Data records ->

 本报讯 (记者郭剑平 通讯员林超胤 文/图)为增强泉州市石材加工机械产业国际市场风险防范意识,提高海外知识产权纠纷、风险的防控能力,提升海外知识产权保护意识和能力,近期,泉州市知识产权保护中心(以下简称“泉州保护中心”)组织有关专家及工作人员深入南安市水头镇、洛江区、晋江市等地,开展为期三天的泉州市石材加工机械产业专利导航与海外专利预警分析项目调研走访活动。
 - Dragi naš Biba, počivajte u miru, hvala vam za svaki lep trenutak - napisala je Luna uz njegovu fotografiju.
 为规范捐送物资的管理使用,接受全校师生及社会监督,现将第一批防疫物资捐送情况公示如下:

--

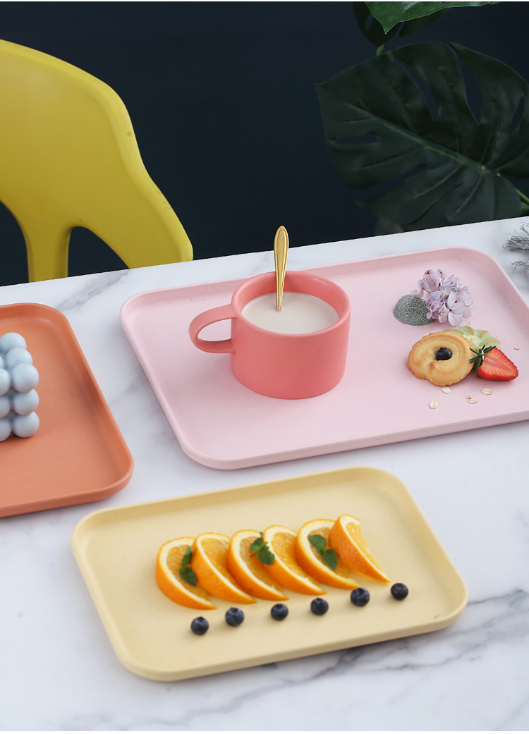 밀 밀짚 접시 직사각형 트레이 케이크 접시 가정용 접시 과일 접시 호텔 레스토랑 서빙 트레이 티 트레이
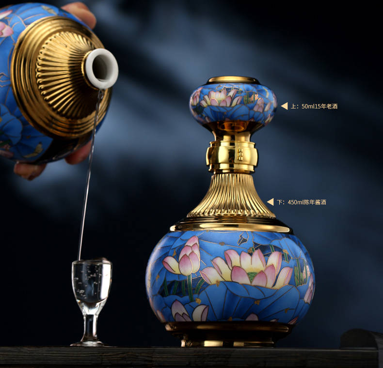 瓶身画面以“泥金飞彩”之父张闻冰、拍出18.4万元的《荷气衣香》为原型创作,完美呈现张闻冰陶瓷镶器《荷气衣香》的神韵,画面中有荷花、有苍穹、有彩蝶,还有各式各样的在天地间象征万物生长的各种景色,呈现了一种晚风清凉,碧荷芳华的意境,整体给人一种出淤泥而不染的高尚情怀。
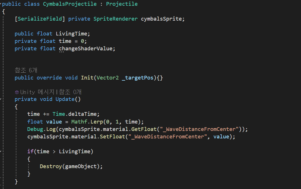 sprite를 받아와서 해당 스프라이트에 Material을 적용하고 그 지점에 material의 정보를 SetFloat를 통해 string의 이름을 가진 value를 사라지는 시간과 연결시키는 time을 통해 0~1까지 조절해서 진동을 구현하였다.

Instructions to follow ->
Above are the records; return the lines in them from the one with "밀 밀짚 접시 직사각형" to the one with "sprite를 받아와서 해당", inclusive, exactly and without images.

Answer below ->
 밀 밀짚 접시 직사각형 트레이 케이크 접시 가정용 접시 과일 접시 호텔 레스토랑 서빙 트레이 티 트레이
 瓶身画面以“泥金飞彩”之父张闻冰、拍出18.4万元的《荷气衣香》为原型创作,完美呈现张闻冰陶瓷镶器《荷气衣香》的神韵,画面中有荷花、有苍穹、有彩蝶,还有各式各样的在天地间象征万物生长的各种景色,呈现了一种晚风清凉,碧荷芳华的意境,整体给人一种出淤泥而不染的高尚情怀。
 sprite를 받아와서 해당 스프라이트에 Material을 적용하고 그 지점에 material의 정보를 SetFloat를 통해 string의 이름을 가진 value를 사라지는 시간과 연결시키는 time을 통해 0~1까지 조절해서 진동을 구현하였다.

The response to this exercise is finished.